Wollburg Eileen, Meuret Alicia E, Conrad Ansgar, Roth Walton T, Kim Sunyoung
Department of Psychiatry and Behavioral Sciences, Stanford University School of Medicine, Stanford, CA, USA.
J Anxiety Disord. 2008 Jun;22(5):886-98. doi: 10.1016/j.janxdis.2007.09.004. Epub 2007 Sep 16.

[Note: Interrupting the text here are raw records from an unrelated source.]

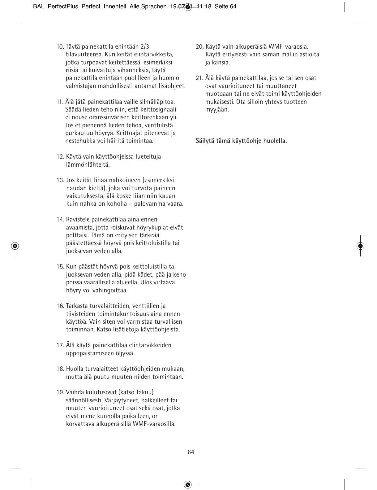 20. Käytä vain alkuperäisiä WMF-varaosia.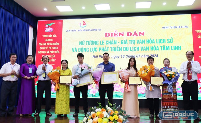 Nhân dịp này, Viện phát triển Văn hóa Dân tộc trao tặng Chứng nhận không gian văn hóa tín ngưỡng thờ Mẫu của người Việt cho 02 đền; trao tặng Giấy khen cho 15 nghệ nhân, đồng thầy, thanh đồng và các nhà tài trợ đã có đóng góp tích cực cho Diễn đàn “Nữ tướng Lê Chân – Giá trị văn hóa lịch sử và động lực phát triển du lịch văn hóa tâm linh”.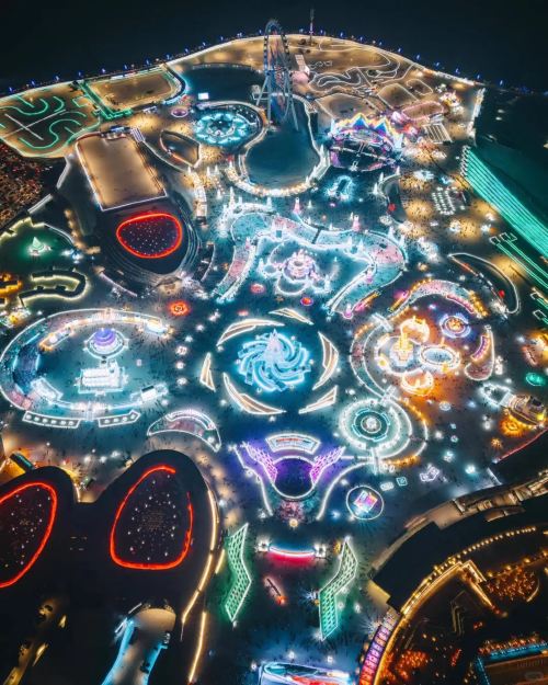 ▲ 从空中俯瞰,灯光璀璨的冰雪大世界仿佛是一颗璀璨的明珠,五光十色的灯饰与冰雕交织成一幅令人震撼的冬日画卷,营造出梦幻般的氛围。

Panic disorder (PD) patients usually react with more self-reported distress to voluntary hyperventilation (HV) than do comparison groups. Less consistently PD patients manifest physiological differences such as more irregular breathing and slower normalization of lowered end-tidal pCO(2) after HV. To test whether physiological differences before, during, or after HV would be more evident after more intense HV, we designed a study in which 16 PD patients and 16 non-anxious controls hyperventilated for 3 min to 25 mmHg, and another 19 PD patients and another 17 controls to 20 mmHg. Patients reacted to HV to 20 mmHg but not to 25 mmHg with more self-reported symptoms than controls. However, at neither HV intensity were previous findings of irregular breathing and slow normalization of pCO(2) replicated. In general, differences between patients and controls in response to HV were in the cognitive-language rather than in the physiological realm.
惊恐障碍(PD)患者通常比对照组在自愿过度换气(HV)时报告更多的痛苦。不太一致的是,PD患者表现出生理差异,如呼吸更不规则,过度换气后呼气末二氧化碳分压(pCO₂)下降后的恢复正常速度更慢。为了测试在更强烈的过度换气后,过度换气前、期间或之后的生理差异是否会更明显,我们设计了一项研究,其中16名PD患者和16名非焦虑对照组以25毫米汞柱的压力过度换气3分钟,另有19名PD患者和17名对照组以20毫米汞柱的压力过度换气。与对照组相比,患者对20毫米汞柱的过度换气有更多的自我报告症状,但对25毫米汞柱的过度换气没有。然而,在这两种过度换气强度下,均未重复出现先前呼吸不规则和pCO₂恢复正常缓慢的发现。总体而言,患者和对照组在对过度换气的反应上的差异在于认知语言领域,而非生理领域。